#### Data excerpt:
=== Section Start ===

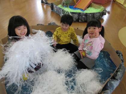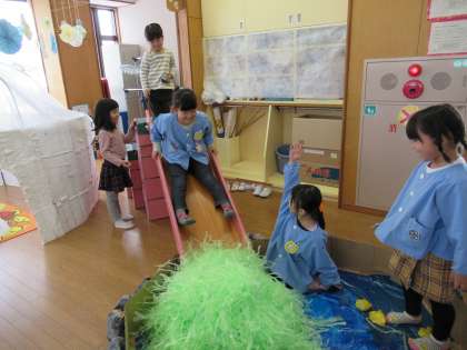 滑り台付きのお風呂をつくりたいと以前から話していた子供たち。昨日の午後にみんなで滑り台を運び、高さを調節しながら設置しました。今日は「楽しい」と何度も繰り返し滑り、ほし組の友達も遊びに来てくれました。
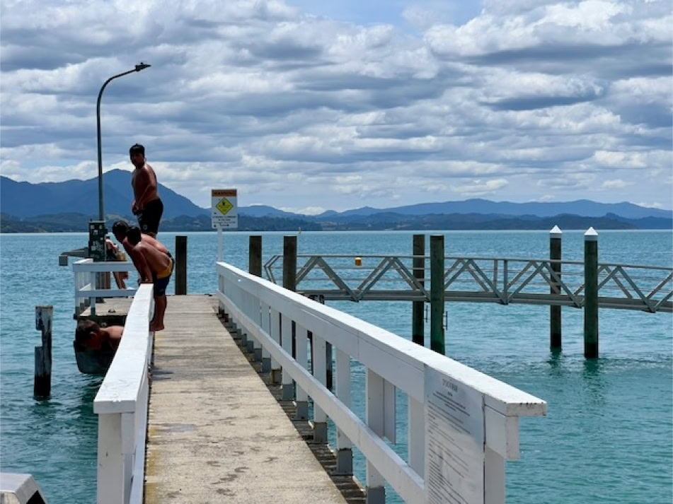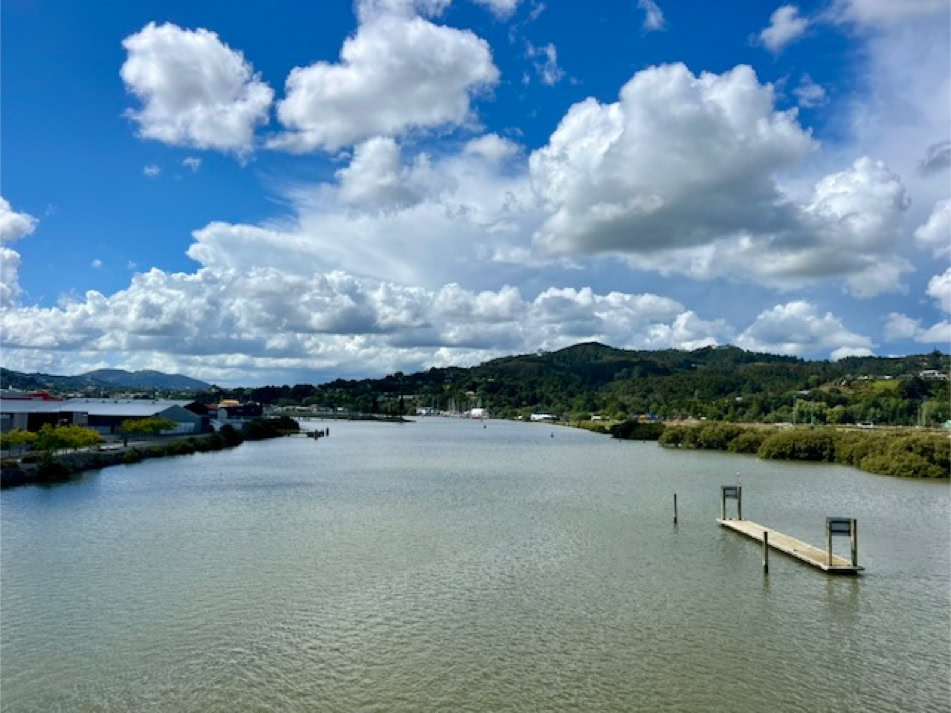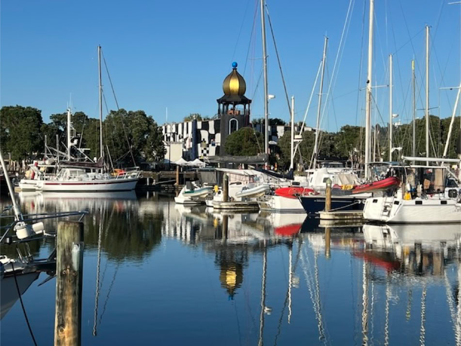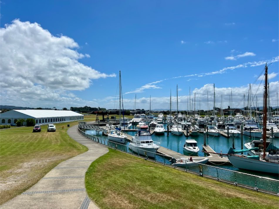 Es ist Zeit, unsere Umgebung näher zu erkunden. Wir entdecken wichtige Gewerke für Bootsarbeiten und haben den Pak'nSave, einen günstigen Supermarkt, gleich um die Ecke. Kleine Restaurants und Museen reihen sich am Ufer der Marina. Die goldene Kuppel des Hundertwassergebäudes steht im Zentrum, und das lustige Metallmännchen der Rolling Ball Clock strampelt eifrig, um uns die Zeit anzuzeigen. Rund um den Hatea-Fluss führt ein ca. 4 km langer Rundweg, vorbei an einladenden Spielplätzen, Fitnessgeräten, Kunstobjekten, Sitzgelegenheiten und grüner Natur. Dieser Loop wird von Einheimischen, Besuchern und natürlich auch von uns intensiv genutzt.
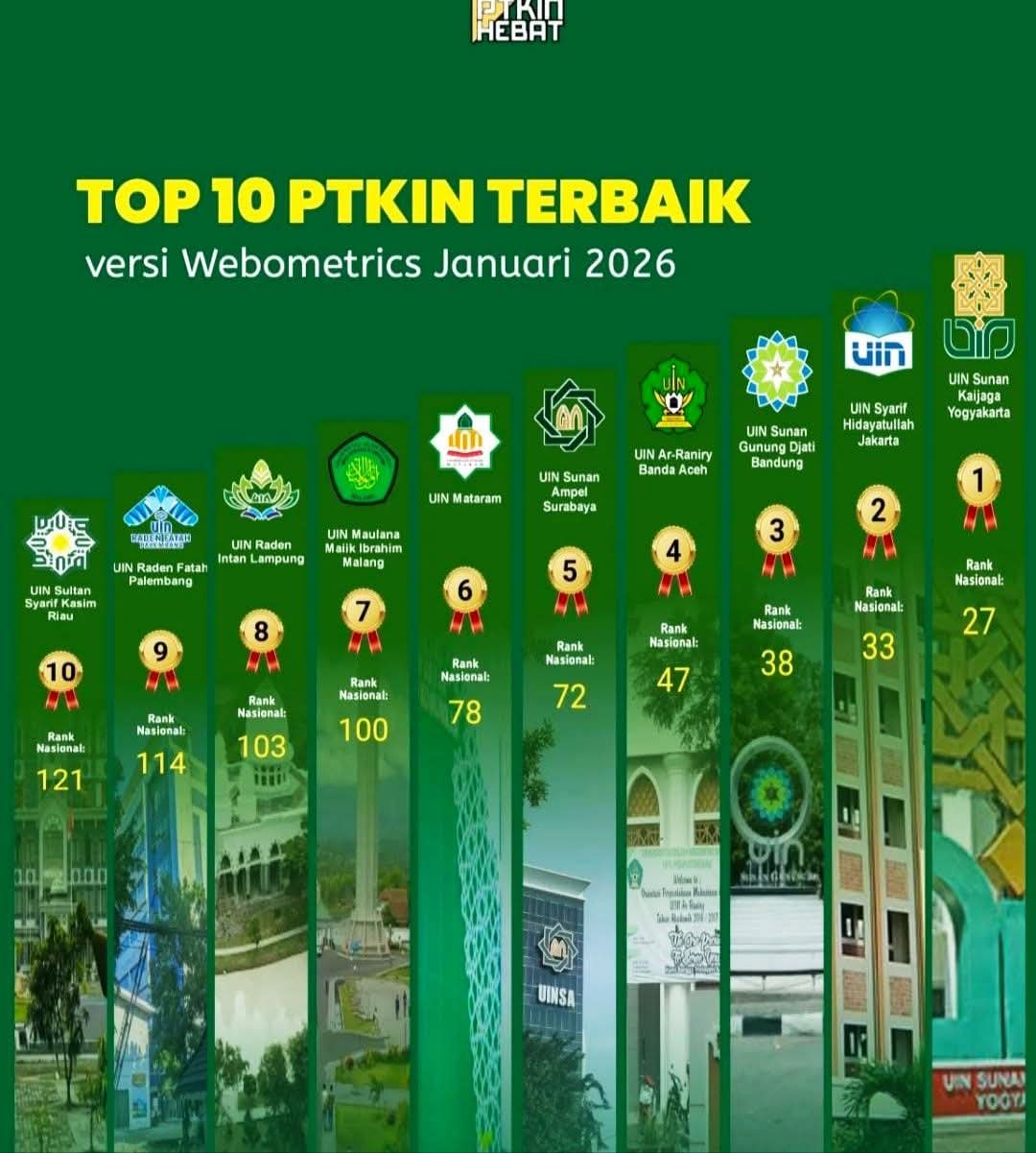 “PTKIN terus berkembang dan makin kompetitif, bahkan dibanding perguruan tinggi umum. Berdasar rilis terbaru Webometrics ada 7 PTKIN yang masuk 100 besar,” terang Direktur Pendidikan Tinggi Keagamaan Islam, Sahiron, di Jakarta, Sabtu (10/1/2026).

=== Section End ===

Emit the lines of the material exactly, from its first line to the line containing "Es ist Zeit, unsere", inclusive; leave every picture out.

 滑り台付きのお風呂をつくりたいと以前から話していた子供たち。昨日の午後にみんなで滑り台を運び、高さを調節しながら設置しました。今日は「楽しい」と何度も繰り返し滑り、ほし組の友達も遊びに来てくれました。
 Es ist Zeit, unsere Umgebung näher zu erkunden. Wir entdecken wichtige Gewerke für Bootsarbeiten und haben den Pak'nSave, einen günstigen Supermarkt, gleich um die Ecke. Kleine Restaurants und Museen reihen sich am Ufer der Marina. Die goldene Kuppel des Hundertwassergebäudes steht im Zentrum, und das lustige Metallmännchen der Rolling Ball Clock strampelt eifrig, um uns die Zeit anzuzeigen. Rund um den Hatea-Fluss führt ein ca. 4 km langer Rundweg, vorbei an einladenden Spielplätzen, Fitnessgeräten, Kunstobjekten, Sitzgelegenheiten und grüner Natur. Dieser Loop wird von Einheimischen, Besuchern und natürlich auch von uns intensiv genutzt.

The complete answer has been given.